Third, the Bayes factor for lexical frequency was “barely worth mentioning” (Jeffreys, 1961). This finding is also somewhat surprising, given that, in psycholinguistics, word frequency has been claimed to be one of the strongest predictors of processing efficiency (Brysbaert, Mandera, & Keuleers, 2018). In the past, there has been some debate as to whether AoA, lexical frequency, or both factors have influence on picture-naming latencies (Johnston & Barry, 2006). At present, the consensus that has been reached is that both AoA and word frequency are important determinants of naming speed and accuracy (e.g., Bonin et al., 2004). However, the present finding suggests that the influence of lexical frequency in word production should be closely examined in future studies. Once again, such a finding clearly shows how important the Bayesian approach can be. In particular, as recent word recognition studies have suggested (e.g., Brysbaert et al., 2018), some work is certainly needed to decide which of the different word frequency measures that are available best accounts for the variance in naming speed. It is also possible that the influence of lexical frequency in word production should be examined in relation to vocabulary knowledge, which can vary greatly among individuals. This issue was recently addressed by Mainz, Shao, Brysbaert, and Meyer (2017) in visual word recognition. Interestingly, they found that high-vocabulary individuals exhibited smaller frequency effects in a lexical decision task than low-vocabulary individuals (see also Brysbaert, Lagrou, & Stevens, 2016). Moreover, the mixed-effect reported by Bonin, Laroche, and Perret (2016a) in spelling to dictation seems to be consistent with this hypothesis. These authors showed that the lexical frequency effect was not constant across participants.
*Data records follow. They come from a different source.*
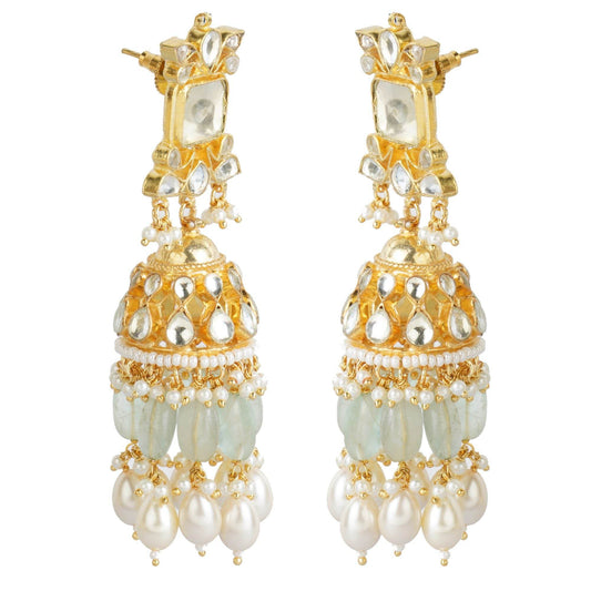 Gold-Plated Kundan Jhumka Earrings with Pink & Green Stones
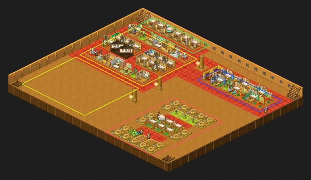 先发图,实用的困难布局。(从绮丽的白里面偷的) 绿色区域为渔夫区,转成王国兵后只要挨近楼梯快 点去打甲板就行。蓝色区域为商业区,任意6个工具 人转成任意种类商人都行,周边建筑优先顺序为:幸 运之鸟-绘画角-宝物资料馆-水槽,作用是周边商 店商品更贵,当然不放也可以。黄色区域为知识区,如果工具人多也可以放空出来的黄色区域,红色区域为农业区,植树厂和农田都可以,收货的数值要 400以上,周边放宠物屋可
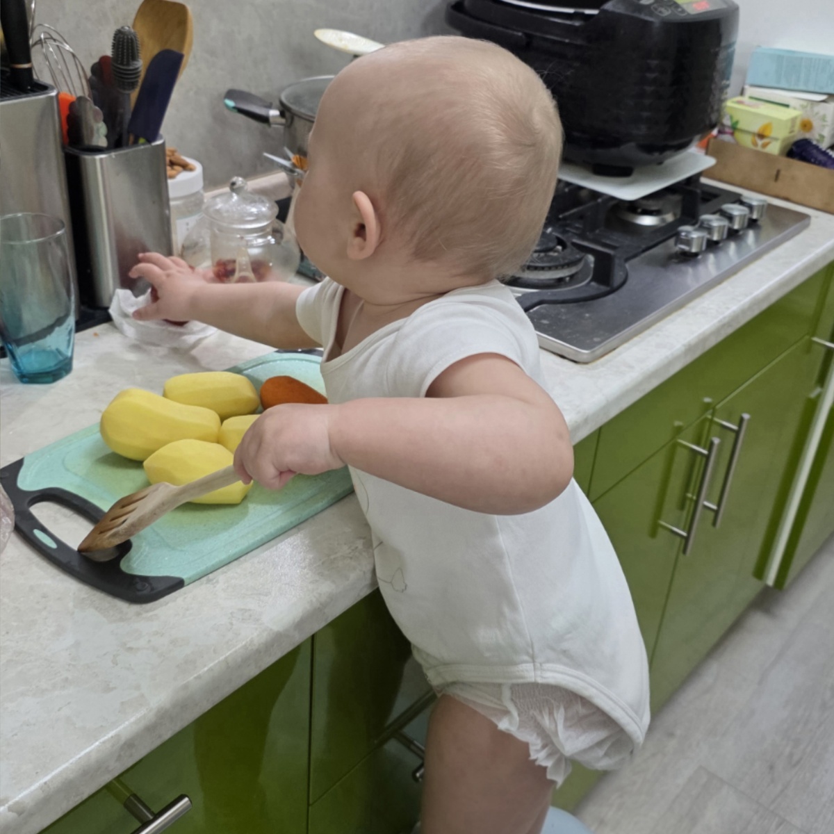 Когда я готовлю на кухне, она всегда рядом. Ей так нравится смешивать ингредиенты, будто она — настоящий шеф-повар!

This suggests that there are variations in the impact of this variable on spelling processing, depending on the participants and, maybe, on the participants’ vocabulary knowledge.

Finally, our analyses revealed that the change in the distribution of the probabilities in the light of the data reported in the literature supported the idea of null effects (H0) for both visual complexity and length, two variables that indeed have rarely been assumed to play a key role in picture naming. At a theoretical level, it must be acknowledged that it is always difficult to make claims about specific mechanisms when the variables assumed to index their influence have rarely or only inconsistently been found to be reliable. Our findings should not therefore be taken to suggest that certain variables, such as word length or visual complexity, never play a role in conceptually driven naming, and that they should no longer be taken into account when building views of word production. In effect, from a computational point of view, it seems difficult to argue that the visual complexity of objects has absolutely no impact on word production because, in picture naming, there is necessarily a level at which some visual characteristics of the pictures are processed. However, our findings make clear that the way that visual complexity has been measured up to now—that is, subjectively, using Likert scales—is certainly problematic, and this should prompt researchers to think of alternative (more reliable) measures of visual complexity. Indeed, there have been some attempts to measure visual complexity objectively—for instance, by using the size of the JPEG picture file (see Székely & Bates, 2000).

In conclusion, we think that Bayesian meta-analyses constitute a very useful tool to help researchers gauge the importance of factors in various experimental tasks such as picture naming. We are sure that such analyses will be used more often in the future in several fields of experimental psychology, because they provide useful information for deciding about the factors that should or should not be controlled for when designing experiments.